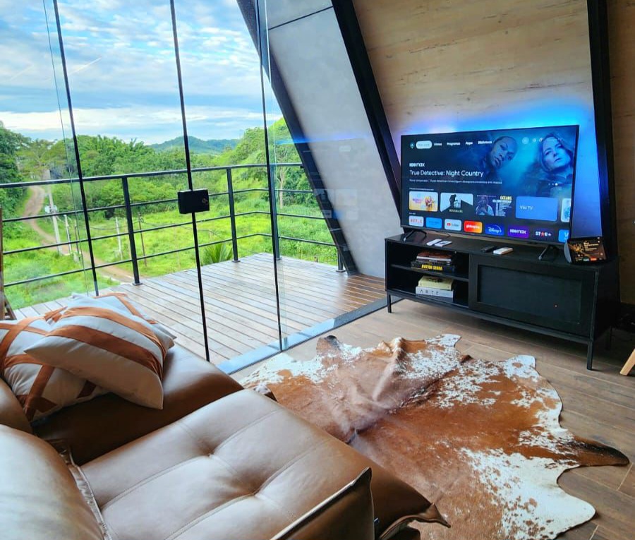 Equipada com fogão por indução, forno micro-ondas, geladeira, air fryer, sanduicheira, TV smart, e até mesmo uma assistente virtual como a Alexa, a cabana garante total conforto e segurança aos hóspedes, além de estacionamento exclusivo.
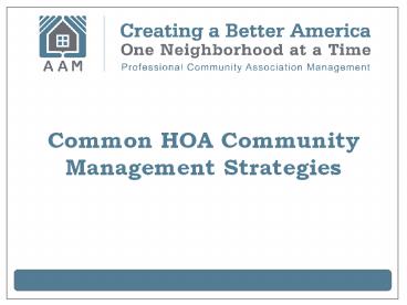 Common HOA Community Management Strategies PowerPoint PPT Presentation
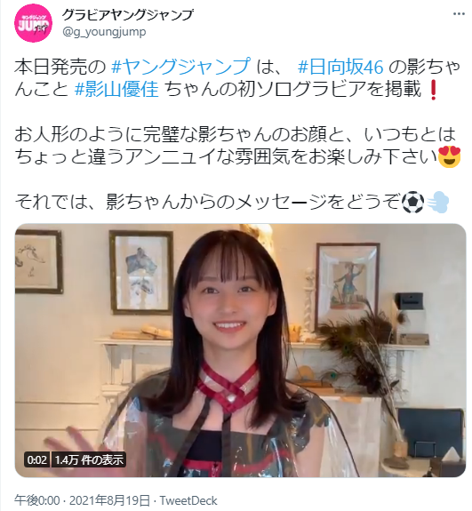 日向坂46の影山優佳(20)が、2021年8月19日発売のマンガ誌「週刊ヤングジャンプ」で、初のソログラビアを披露。お人形のように完璧な顔で、いつもとはちょっと違うアンニュイな雰囲気に挑戦しました。
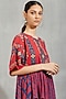 Featuring a magenta peplum top in cotton base with print and cross stitch embroidery. This contains only one piece.
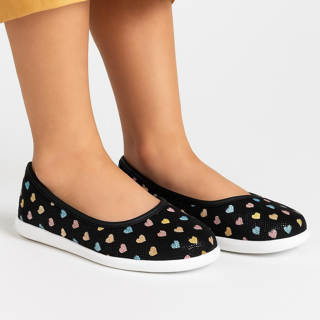 Zapatilla cerrada con detalles de corazón. Caracoles
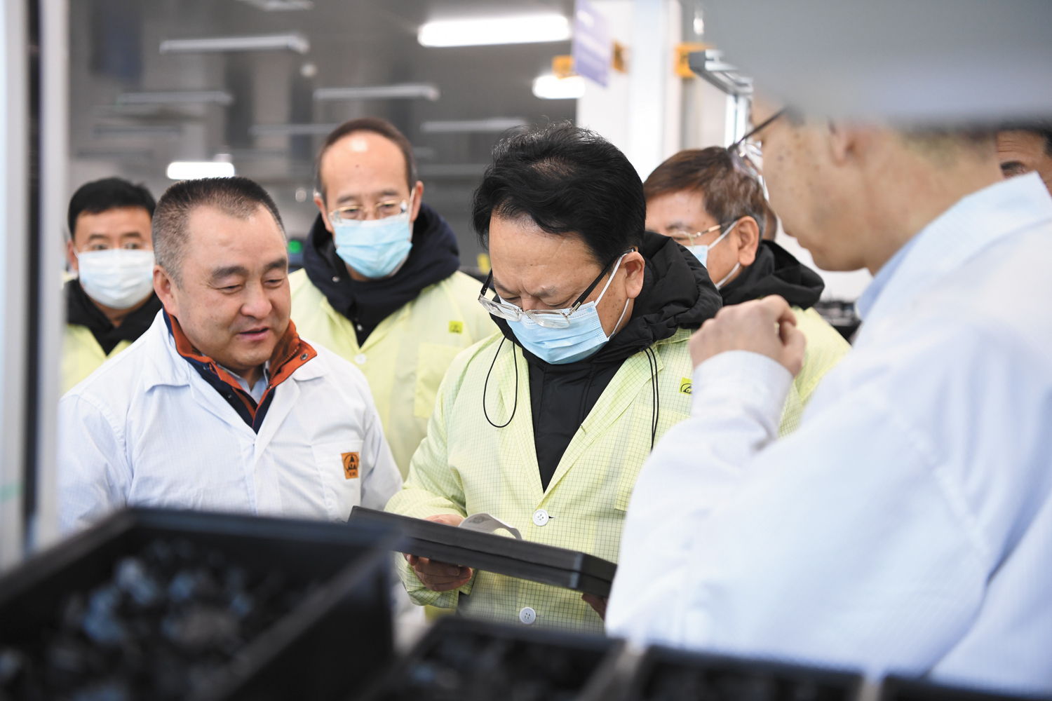 12月9日,吉林省委书记景俊海到中国兵器工业集团东北工业集团有限公司,就深入贯彻党的十九届五中全会精神和习近平总书记视察吉林重要讲话重要指示精神 香蕉影视,全面落实省委十一届八次全会精神,推动企业创新发展等情况进行调研,吉林省委常委,副省长吴靖平,吉林省委常委,省委秘书长胡家福,吉林省委常委,长春市委书记王凯一同调研。  图为景俊海等在东北工业集团生产现场调研
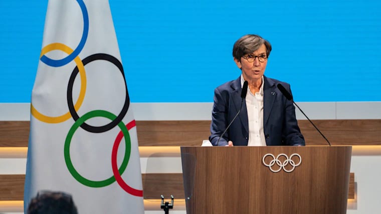 Dr Valerie Fourneyron of the ITA at the 139th IOC Session at the CNCC ahead of the XXIV IOC Olympic Winter Games Beijing 2022
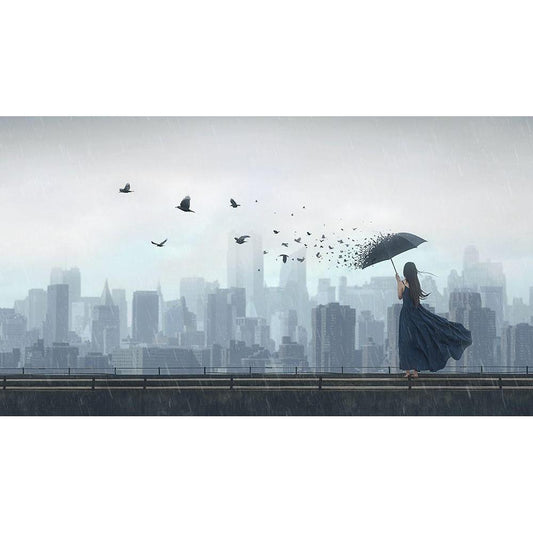 A Qfloatingq City Black Modern Wood Framed Art Print with Double Matting by Dai, Wei
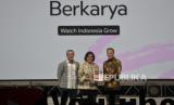Managing Director Google Indonesia Randy Jusuf (kanan) didampingi Vice President & Managing Director YouTube Asia Pacific Gautam Anand (kiri) memberikan laporan YouTube Impact Report kepada Menteri Keuangan Sri Mulyani Indrawati (tengah) dalam acara Kreator Indonesia Berkarya: Watch Indonesia Grow di Jakarta, Kamis (26/10/2023). Dalam kesempatan tersebut YouTube mengumumkan laporan baru yang disusun bersama firma konsultan independen Oxford Economics, yang menunjukkan bahwa pertumbuhan ekosistem kreator dan partner YouTube telah menghasilkan nilai ekonomi yang cukup besar bagi ekonomi Indonesia. Saat ini,lebih dari 400 ribu kreator dan partner di Indonesia mempekerjakan orang lain untuk menggarap channel YouTube mereka. (FOTO : Republika/Prayogi)
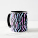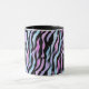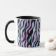 Stilvolle, elegante Tasse mit abstraktem Zebramuster in Schwarz, Blau, Violett und Rosa, hergestellt aus meinem original Acrylgemälde.
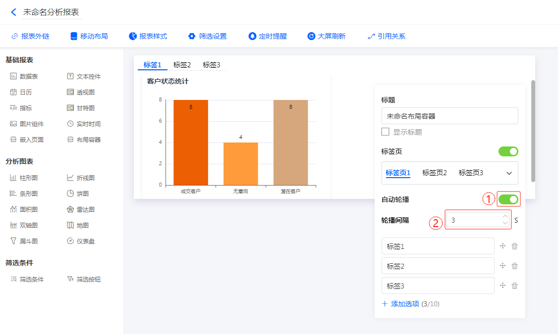 多标签页开启后,支持对多标签页设置自动轮播及轮播间隔时间。如下图所示:
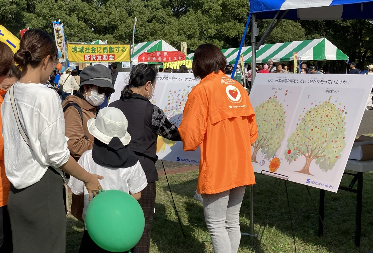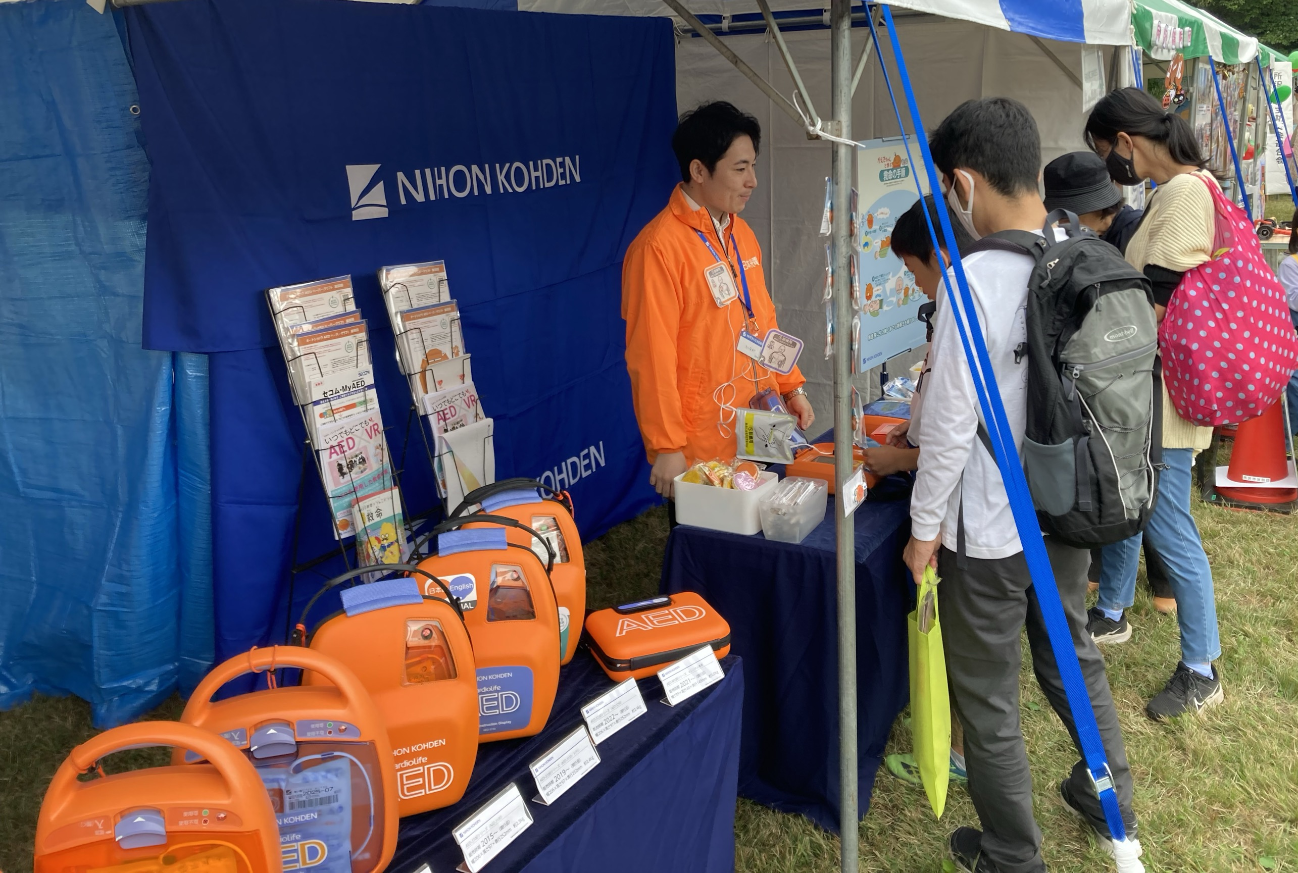 In October 2024, Nihon Kohden exhibited an AED awareness booth at the Tokorozawa Citizens Festival. This was Nihon Kohden’s second time exhibiting at the event, with the goals of increasing AED usage and enhancing public recognition of the Company. As 2024 marked the 20th anniversary of AEDs being approved for public use in Japan, the booth also featured a display of past AED models and introduced the history of AED development. The hands-on AED experience was a great success, attracting many participants, ranging from children to adults. Through these efforts, Nihon Kohden hopes to make AEDs feel more familiar to the public and contribute to increased usage rates.

(Goal of the exercise) Keep the pictures out, and write out the rest of the data above word for word.

(Result of the task)
 Equipada com fogão por indução, forno micro-ondas, geladeira, air fryer, sanduicheira, TV smart, e até mesmo uma assistente virtual como a Alexa, a cabana garante total conforto e segurança aos hóspedes, além de estacionamento exclusivo.
 Common HOA Community Management Strategies PowerPoint PPT Presentation
 日向坂46の影山優佳(20)が、2021年8月19日発売のマンガ誌「週刊ヤングジャンプ」で、初のソログラビアを披露。お人形のように完璧な顔で、いつもとはちょっと違うアンニュイな雰囲気に挑戦しました。
 Featuring a magenta peplum top in cotton base with print and cross stitch embroidery. This contains only one piece.
 Zapatilla cerrada con detalles de corazón. Caracoles
 12月9日,吉林省委书记景俊海到中国兵器工业集团东北工业集团有限公司,就深入贯彻党的十九届五中全会精神和习近平总书记视察吉林重要讲话重要指示精神 香蕉影视,全面落实省委十一届八次全会精神,推动企业创新发展等情况进行调研,吉林省委常委,副省长吴靖平,吉林省委常委,省委秘书长胡家福,吉林省委常委,长春市委书记王凯一同调研。  图为景俊海等在东北工业集团生产现场调研
 Dr Valerie Fourneyron of the ITA at the 139th IOC Session at the CNCC ahead of the XXIV IOC Olympic Winter Games Beijing 2022
 A Qfloatingq City Black Modern Wood Framed Art Print with Double Matting by Dai, Wei
Managing Director Google Indonesia Randy Jusuf (kanan) didampingi Vice President & Managing Director YouTube Asia Pacific Gautam Anand (kiri) memberikan laporan YouTube Impact Report kepada Menteri Keuangan Sri Mulyani Indrawati (tengah) dalam acara Kreator Indonesia Berkarya: Watch Indonesia Grow di Jakarta, Kamis (26/10/2023). Dalam kesempatan tersebut YouTube mengumumkan laporan baru yang disusun bersama firma konsultan independen Oxford Economics, yang menunjukkan bahwa pertumbuhan ekosistem kreator dan partner YouTube telah menghasilkan nilai ekonomi yang cukup besar bagi ekonomi Indonesia. Saat ini,lebih dari 400 ribu kreator dan partner di Indonesia mempekerjakan orang lain untuk menggarap channel YouTube mereka. (FOTO : Republika/Prayogi)
 Stilvolle, elegante Tasse mit abstraktem Zebramuster in Schwarz, Blau, Violett und Rosa, hergestellt aus meinem original Acrylgemälde.
 多标签页开启后,支持对多标签页设置自动轮播及轮播间隔时间。如下图所示:
 In October 2024, Nihon Kohden exhibited an AED awareness booth at the Tokorozawa Citizens Festival. This was Nihon Kohden’s second time exhibiting at the event, with the goals of increasing AED usage and enhancing public recognition of the Company. As 2024 marked the 20th anniversary of AEDs being approved for public use in Japan, the booth also featured a display of past AED models and introduced the history of AED development. The hands-on AED experience was a great success, attracting many participants, ranging from children to adults. Through these efforts, Nihon Kohden hopes to make AEDs feel more familiar to the public and contribute to increased usage rates.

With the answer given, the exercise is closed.